Este capítulo está dividido en tres partes:
i.
La manifestación de la
ira de Dios (v.1-9).
ii.
El sufrimiento del
pueblo de Dios (v.10-19).
iii.
La queja del profeta
Jeremías, ante tanto sufrimiento (v.20-22)
Por muchos años, Dios soportó con tremenda paciencia los pecados y la
rebelión de Su pueblo. Pero cuando vino
el juicio de Dios, llegó con fuerza. En
los primeros versos de este pasaje, Jeremías enfatiza el “furor”
de Dios contra Su pueblo (v.1-2). La ira
de Dios se derramó sobre Judá, como un fuego consumidor (v.3; Is 33:14 y Heb
12:29).
Es impactante notar los verbos: “Derribó”
(v.1); “Destruyó” (v.2); “Humilló” (v.2b); “Cortó” (v.3); “Quitó”

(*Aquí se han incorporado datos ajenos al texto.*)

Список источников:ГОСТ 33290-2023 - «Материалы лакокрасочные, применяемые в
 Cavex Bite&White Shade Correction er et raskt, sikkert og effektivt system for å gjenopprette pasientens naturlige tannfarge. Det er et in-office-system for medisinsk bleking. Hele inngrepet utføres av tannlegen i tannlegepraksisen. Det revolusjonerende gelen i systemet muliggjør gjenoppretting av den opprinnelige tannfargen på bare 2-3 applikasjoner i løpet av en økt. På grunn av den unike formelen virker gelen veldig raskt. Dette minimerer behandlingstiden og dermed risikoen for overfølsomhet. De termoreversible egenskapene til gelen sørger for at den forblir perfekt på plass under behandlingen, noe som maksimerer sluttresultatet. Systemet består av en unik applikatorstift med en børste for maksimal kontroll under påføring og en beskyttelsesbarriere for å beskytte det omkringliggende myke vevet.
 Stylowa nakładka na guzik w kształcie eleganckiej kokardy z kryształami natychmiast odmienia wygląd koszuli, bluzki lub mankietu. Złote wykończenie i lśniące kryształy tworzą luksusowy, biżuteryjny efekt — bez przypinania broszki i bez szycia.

(v.6); “Desechó” (v.7). ¡Cuando Dios se propone manifestar Su ira,
los efectos son devastadores! La
hermosura de Israel fue derribada (v.1); “las
tiendas de Jacob” (= casas) fueron destruidas (v.2b); las fortalezas de la
nación fueron tiradas abajo (v.2c); los líderes del pueblo fueron quebrantados
(v.2d); el poderío de Judá fue cortado.
El fuego de la ira de Dios devoró todo (v.3b), destruyendo todo lo que era
hermoso (v.4b). ¡Qué trágico!
Dios, que era el Pastor de Israel (Sal 23), se volvió Su enemigo (v.4-5), y
la ciudad de Jerusalén pagó un precio muy alto.

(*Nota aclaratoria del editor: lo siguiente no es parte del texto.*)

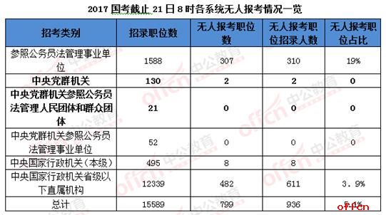 中央黨群機關僅有二職位無人過審,分別為中共中央對外聯絡部辦公廳檔案管理(職位代碼101002001)和中共中央對外聯絡部二局蒙古語翻譯(職位代碼102004002),第一個職位要求2年基層工作經驗,檔案學本科學歷,中共黨員,而第二個職位不限基層工作經歷,專業為蒙古語,本科或研究生學歷,中共黨員身份,需要加試專科科目。這兩個職位要求都相對具體,由于所需專業本身的人數就不多,加上其他要求的限制也成為它至今未破零的原因。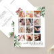 A beautiful modern photo grid collage postcard perfect for wishing Merry Christmas to your family and friends from the tropics of Hawaii (or any other warm place on Earth)! The modern and minimalist design features a collage of 12 square customizable photos - a year in review style. Below, there is a ´´mele kalikimaka´´ message in a chic whimsical green script and your family name and date, in classic lettering. A beautiful watercolor of tropical greenery and a red bow frame the card on the sides. On the back is your customizable holiday message, your return address, and the green palm branches motif on the bottom. Through the "personalization" button, you can replace the photos and change the text.
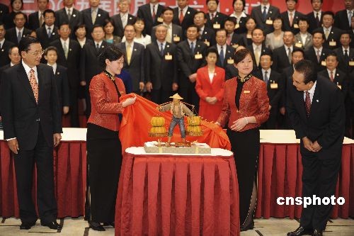 4月26日下午,江丙坤向陈云林赠送礼品皮雕。皮雕是一位台湾农民挑着满框南瓜的人物造型。中新社发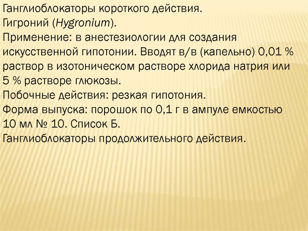 Пентамин - ганглиоблокирующее средство с гипотензивным, артерио- и венодилатирующим действием . Форма выпуска и состав Лекарственная форма Пентамина - 5% раствор для в/в и в/м введения . Действующее вещество препарата - азаметония бромид, его концентрация в 1 мл составляет 50 мг . Вспомогательный компонент - вода для инъекций .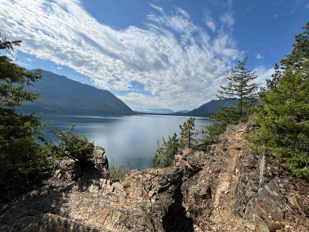 There are several fallen trees you’ll need to climb over on this trail, but the views at the campground make it worth the effort. The backcountry campground is rustic, including an open-air pit toilet with a hell of a view! We had a nice lunch on the beach, then headed back. During the way back, we left the trail and walked along the lake’s shoreline.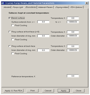 單擊LASCAD 主窗口中的“FEA/Parameter Input & Start of FEA Code”打開標(biāo)題為“Crystal, Pump Beam and Materials Parameters”的窗口,如圖2。注意有六個(gè)標(biāo)簽頁來定義不同的參數(shù)組。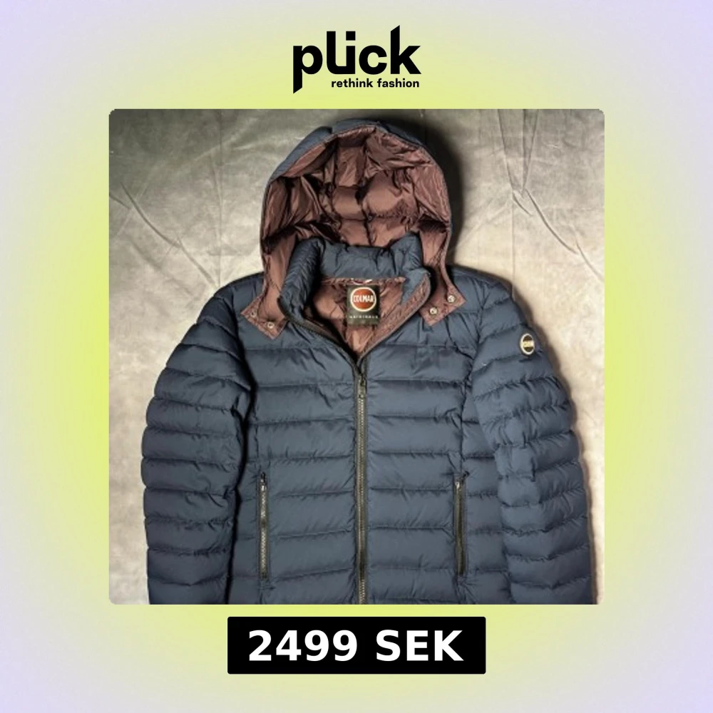 Säljer en mörkblå dunjacka från Colmar med brunt foder och avtagbar huva. quiltad design och Colmar-logga på ärmen. Perfekt för kyliga dagar och riktigt snygg passform. Storlek 50/M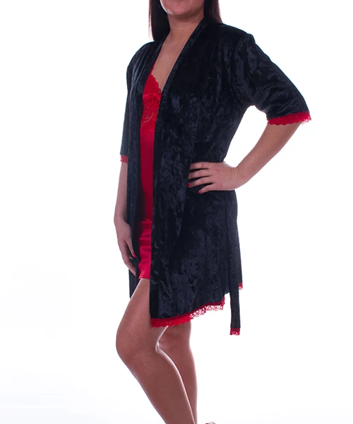 Buja hatást kelt ez a kimonó fazonú finom bársony női köntös, piros csipke szegéllyel, megkötővel. Anyaga:80%poliamid, 20%elastan. Mellbősége:108 cm, hossza:82 cm, ujja:29 cm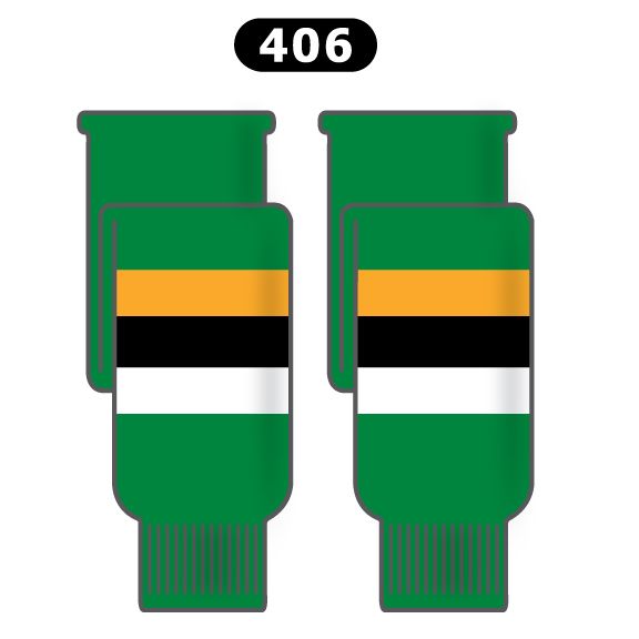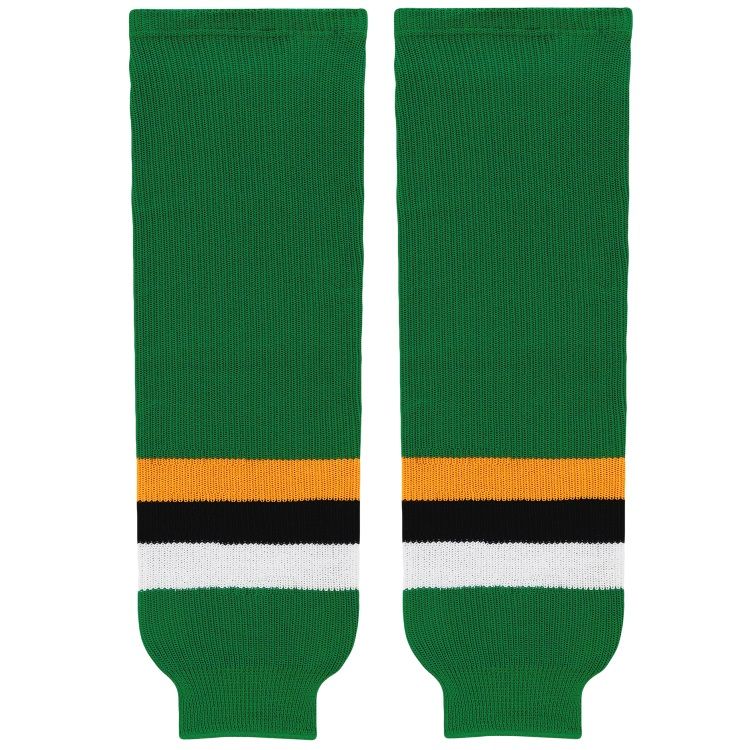 Minnesota North Stars hockey socks in home green pattern. Minnesota North Stars knit hockey socks in stock in adult, intermediate and youth sizes in authentic Stars kelly green, white and gold striped pattern. AK knit hockey socks feature a 60% cotton / 40% polyester blended fabric and are pre washed and ready to wear. Made in Canada.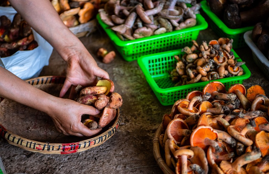 A vendor arranges edible wild mushrooms for sell at a wild mushroom trade market in Kunming, southwest China's Yunnan Province, July 2, 2023. (Xinhua/Jiang Wenyao)
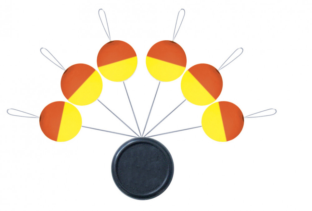 XT- BLISTER FLOAT ROUND N°2 (FLUO ORANGE/YEL.) - runder, zweifarbiger (gelb/orangefarbener) Stopper für bessere Sichtbarkeit. In verschiedenen Größen erhältlich. Verpackung 6 Stk. pro Packung.

Todas las casas elegantes, como los “palacios”,
fueron destruidos (v.5); la ciudad quedó “como
enramada de huerto” (v.6a). Aun el templo sufrió los estragos de la ira de
Dios. El Señor hasta desechó Su
santuario y el altar (v.7a), porque todo estaba contaminado con el pecado. Como consecuencia, Su pueblo dejó de ofrecer
los sacrificios que Él había estipulado, y la gente se olvidó de las fiestas
espirituales y los días de reposo (v.6b).
Luego de tanta paciencia, el Señor estaba determinado destruir a Jerusalén
(v.8a). Por lo tanto, “Extendió el cordel”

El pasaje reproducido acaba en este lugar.